In an April, 2013 article in Publisher's Weekly by Jim Milliot, he highlighted a few numbers that can certainly be a starting point to work with.
- Total book sales rose 1.0% in 2013 over 2012, to $15.05 billion
- Adult e-book sales rose 3.8%, to $1.30 billion
- Hardcover sales increased 9.7%, to $1.52 billion
- Trade paperback sales fell 9.3%, to $1.36 billion
- Mass market paperback segment sales fell 7.7%, to $373.1 million
- Downloaded audio had a good year with sales up 18.6%, to $131.6 million, while physical audio sales were basically flat at $78.4 million
Now look, I understand we can take a look at these numbers, and like a great baseball statistician, we can manipulate those numbers any number of ways we want to make our own personal claim. There are some who will try to claim that decreases in one area are the direct result of the increases in another area. Unfortunately, these are conclusions that simply cannot be drawn from that data. What we can say is that numbers are simply not where we want them to be, and this goes for everyone in this business - the agents, editors, writers (self-pub, traditional, independent, e-pub and the like), the publishers and the book sellers.
In an editorial for Publishing Perspectives, from a guest writer, Tanja Tuma, director of a Slovenian Publishing House, Zalozba Tuma (forgive the spelling of the publishing house. I can't figure out this AM how to get the computer to get the special characters for Slovenian), she noted several things that demonstrate this placing of the blame and missing things that I would consider falling in the "big picture" element of the argument:. She notes "brick-and-mortar bookshops are important cultural centers. On their shelves, they foster literary and popular literature under the wing of the famous. It’s a mixed calculation. Without this, the literary tastes of the readers being offered only the most popular and highly ranked writings cannot personally grow. They run the risk of becoming shallow, maybe so shallow that they don’t want to bother with reading any books or texts whatsoever."

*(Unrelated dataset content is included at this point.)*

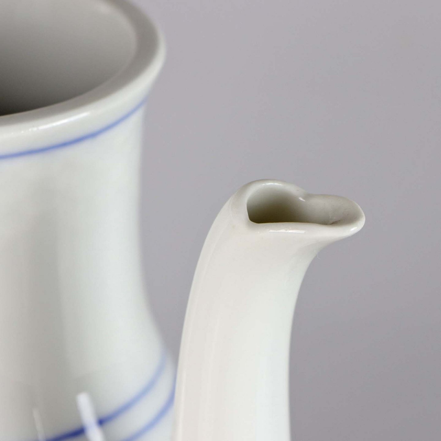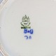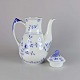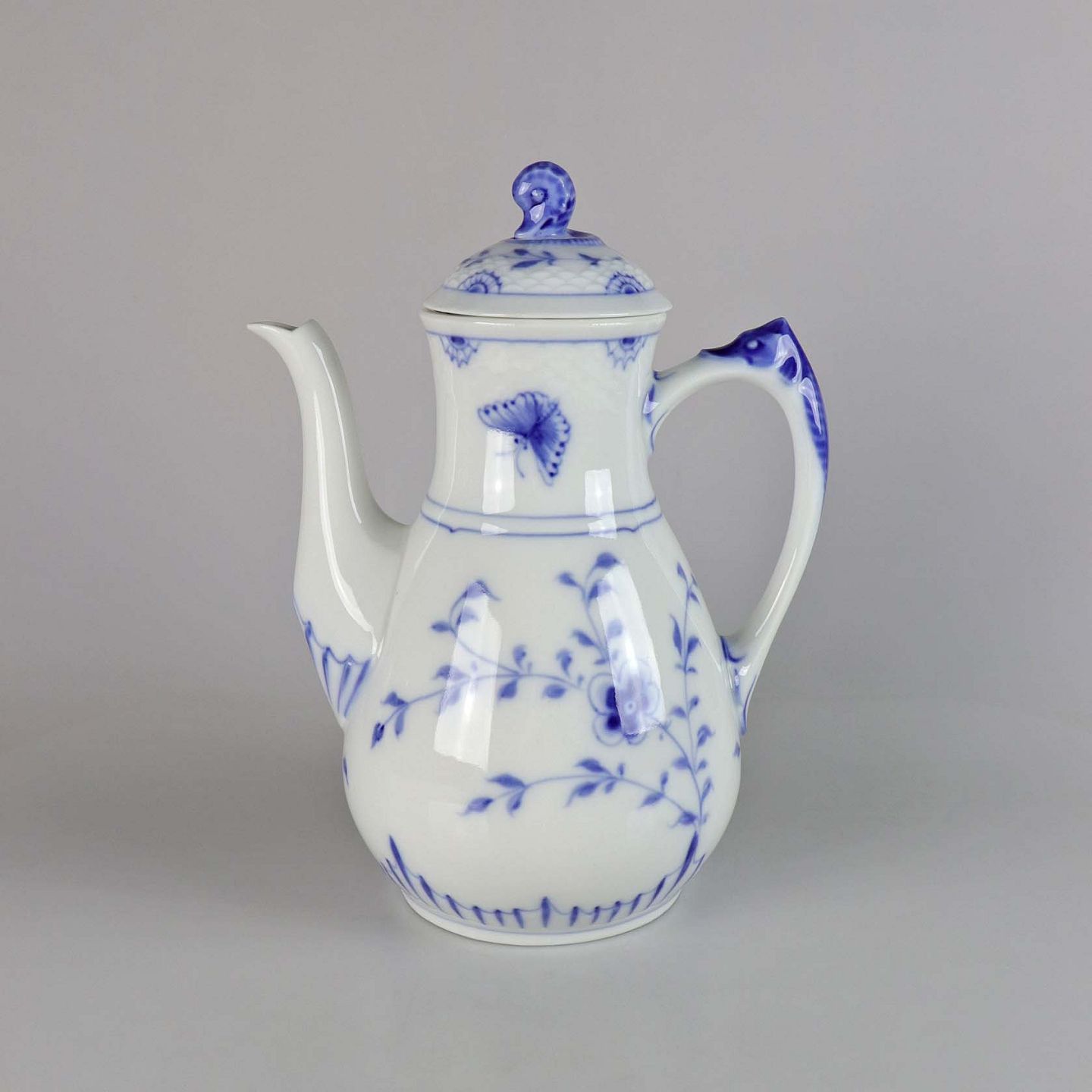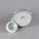 Kande i hvidt skælformet porcelæn med blå motiver af blomster og sommerfugle.

I fully agree that the brick-and mortar bookshops are "important cultural centers" but extending the argument to claiming the limited offerings are preventing any personal growth or that readers will not want to "bother with reading any books or texts whatsoever" is a bit too extreme.
She does try to justify this with a comment drawn fro the now infamous "Open Letter to KDP Authors" that these bookstores " It is particularly painful that the brick-and-mortar bookshops claim that because of physical and material reasons." Let's think logically about this, shall we? A store has so many square feet. There are currently more authors (of all ranges of ability and quality) out there than shelf space. Sorry but this is true.
And this is happening not just with the brick-and-mortar bookstores, but for any place that had, in the past, provided book space. The Walmarts, grocery stores and so forth are now replacing the book shelves with things that are selling. Remember, they too are businesses attempting to make money and if the space is being taken up with something not being sold, what better solution than to remove the non-selling product and replace it with something that does sell. Don't we do this with our garages? We get rid of things that haven't been used and are "just taking up shelf space"?
Now, with that said, I have always believed that many of those brick-and-mortar stores did take up that coveted "book space" with things that probably had a better place. Even today, walk into a Barnes and Noble and consider how much floor space is being taken up by the display and the staffing to sell their Nook devices? Just something to consider.
Tuma, like many others in this battle are also trying to argue that this is still that traditional vs self-pub battle. She also noted in her article, "the traditional publishers and booksellers neglect the newest trends and completely ignore the self-published market of electronic and paper books."
There are several things to consider here. Again, if we think about the retail community in any business, we don't represent and sell everything. If you open a store that sells, let's say lingerie, what will you sell in your store? The odds are there will not be shelf-space devoted to hammers and nails, or for that matter, milk, eggs and bread. Why? Well, according to Tuma and others like her, it is because you as a store owner are neglecting newer trends and ignoring the hardware and nutrition markets.
I do know, however, that many of the traditional publishing markets are far from ignoring these markets. They, like everyone else in this business today, are looking at ways to increase those sales of books. This does include incorporating e-publishing models, working with independent publishers and even trying different formats of books. To add to this, as many in the e-pub world know, they are also buying up many authors who started on their own and then guiding them to even greater successes.
I really don't want to come across as just another person placing blame. I also do not want to make it sound like Tanja Tuma and other writers are 100% off the mark. They too are expressing concerns that I think we all share. This market is struggling right now. It really doesn't matter which side of the argument you sit on, things are tough.
Personally for me, I think we might be missing the biggest contributing factor - the readers. We are the producers and they are the consumers. If they don't buy (for whatever reason) then we don't make money. I don't care what type of pretty package we put our books in, or if we end up attempting to sell our books from a hot air balloon, if the readers aren't buying, then we don't make money.
Maybe, just maybe, if we stop trying to place the blame and look for "real solutions" we might be able to get out of this. But also consider this. It took a while to get into this and the solution, I can guarantee, will not be one that happens overnight. Like everything else in the publishing business, it will take time.